The data includes user IDs, session IDs, order IDs, dish names, registration dates, and other related information, which enables the exploration of these relationships.  Missing values were addressed through dropping rows in one of the datasets before merging.


##  **Solution to Business Objective**



Based on the provided analysis, here's how the client can achieve their business objective of optimizing marketing, improving user retention, and increasing revenue:

**1. Targeted Promotions Based on Engagement:**

* **High-Engagement Users:** Reward frequent users (high cooking session frequency) with exclusive discounts, loyalty programs, or early access to new dishes. This reinforces their engagement and encourages further orders.  The analysis already shows a positive correlation; leverage this.

* **Low-Engagement Users:** Implement re-engagement campaigns.
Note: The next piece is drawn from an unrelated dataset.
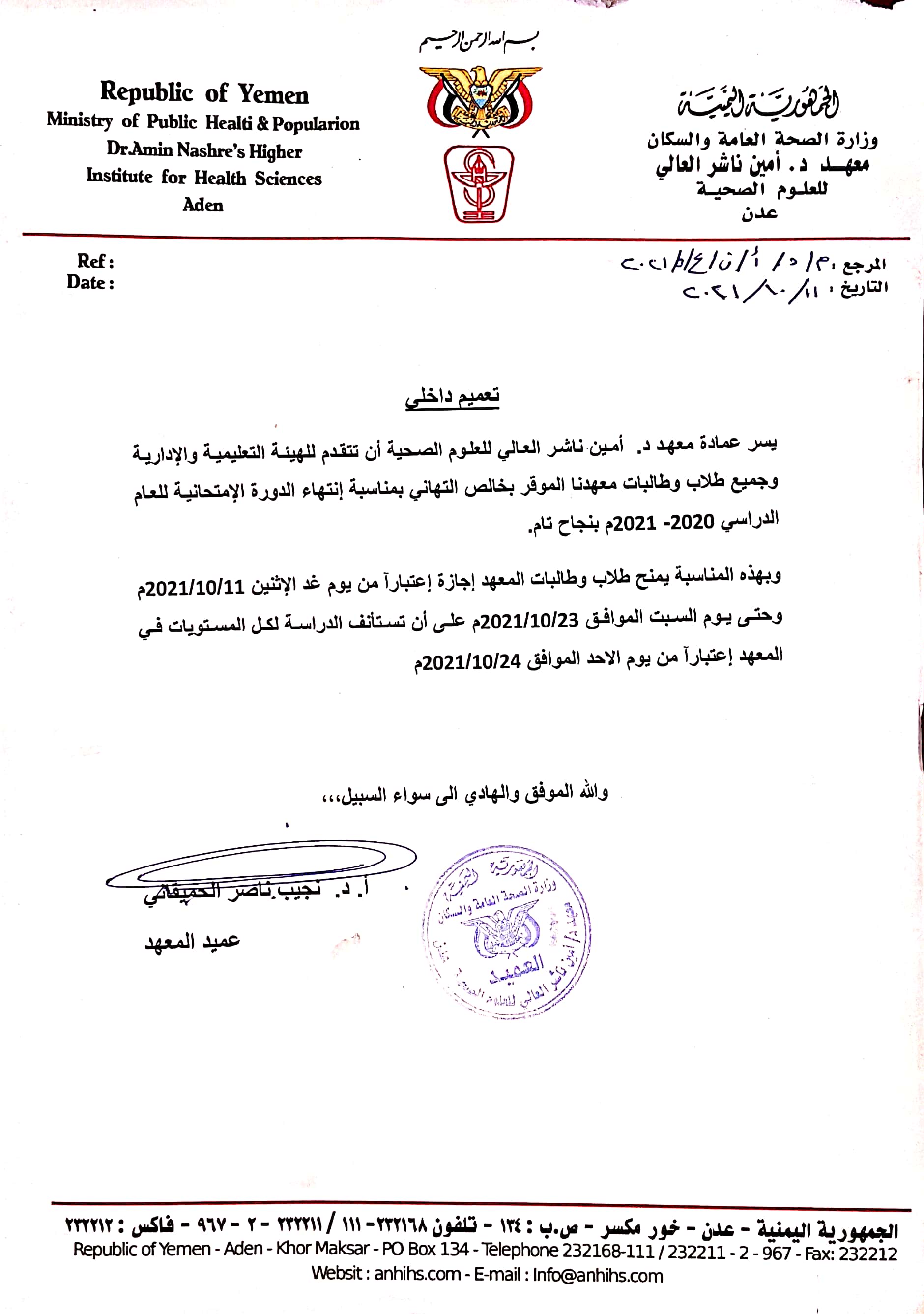 تعميم داخلي بخصوص بدء و نهاية إجازة طلاب وطالبات المعهد عقب الدورة الامتحانية الاخيرة

Offer introductory discounts, personalized recommendations based on their past activity or popular dishes, or targeted messaging to remind them of the platform's features.  Incentivize them to increase their cooking session frequency, which in turn could increase order frequency.
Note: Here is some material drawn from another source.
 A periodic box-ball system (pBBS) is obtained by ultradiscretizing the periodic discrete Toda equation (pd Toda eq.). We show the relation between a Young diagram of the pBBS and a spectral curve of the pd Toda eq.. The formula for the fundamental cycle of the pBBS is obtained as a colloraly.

**2. Menu Optimization and Cross-Selling:**

* **Promote Popular Dishes:**  Highlight the top-performing dishes prominently in the app/website. Use them in promotional offers or combo meals to boost sales.
* **Introduce Variations:**  Create new dishes or variations based on the most popular ones. Consider offering limited-time promotions for these dishes to generate further interest and data.
* **Cross-selling:**  Suggest complementary dishes or ingredients to users who order specific popular items.

**3. Seasonal Marketing:**

* **Time-Based Promotions:**  Offer special discounts or promotions tied to specific days of the week (e.g., weekend specials) or months when cooking sessions and orders naturally increase.
* **Seasonal Dishes:**  Introduce seasonal dishes aligned with popular ingredients or holidays. Leverage the observed seasonality for dishes and cooking sessions.
* **Targeted Campaigns:**  Craft marketing campaigns specific to seasonal trends. For example, promote lighter dishes during warmer months or comfort food during colder ones.
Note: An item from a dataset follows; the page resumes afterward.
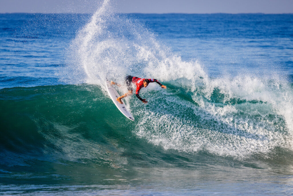 Sur une note plus positive, nous avons des gagnants chez les hommes ! À commencer par Jorgann Couzinet qui a fini aujourd’hui largement premier de son heat avec 15 de total. Le Réunionnais continue de surfer avec autorité comme il l’a fait sur les deux premières étapes en Australie. Il a éliminé au passage Samuel Pupo et Evan Geiselman. Marco Mignot est l’autre surfeur à avancer dans la compétition, ce dernier s’était lui aussi démarqué sur l’épreuve du Sydney Pro, où il réalisa la meilleure performance française.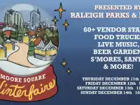 MAKRS and Raleigh Parks are presenting the first Moore Square Winterfaire from Thursday, December 11, to Sunday, December 14, 2025. Admission is free. This 4-day festival features 60+ vendors, a food truck rodeo, live bands, Santa, s’mores, a beer garden and more! … [Read more...] about Moore Square Winterfaire — new 4-day European style Christmas Market and Festival

**4. Data-Driven Decisions:**

* **Continuous Monitoring:** Track key metrics (cooking session frequency, order frequency, dish popularity) over time to measure the effectiveness of marketing initiatives.
* **A/B Testing:**  Experiment with different promotion strategies and menu variations to identify what resonates best with users.
* **Data Refinement:**  Further analysis on the available data including demographics, user preferences and other relevant information, to identify further insights to refine user segmentation and promotions.  

**5.  Improve User Experience:**

* **Optimize onboarding:** Improve initial user onboarding to encourage early engagement.
* **Personalization:**  Use data to personalize the platform's experience for each user.


By implementing these data-driven strategies, the client can effectively leverage the insights gained from their data analysis to achieve its business objectives.


# **Conclusion**

This analysis successfully identified key drivers of user engagement and dish popularity, providing actionable insights for the client.  The positive correlation between cooking session frequency and order volume highlights the importance of user retention and engagement strategies.  Pinpointing consistently popular dishes allows for menu optimization and targeted promotions.  Furthermore, understanding the seasonality of both dish popularity and user engagement enables the creation of time-sensitive marketing campaigns. By implementing the recommended strategies—targeted promotions, menu optimization, seasonal marketing, and data-driven decision-making—the client can enhance user experience, improve user retention, and drive revenue growth.  Continuous monitoring and A/B testing will further refine strategies and maximize results.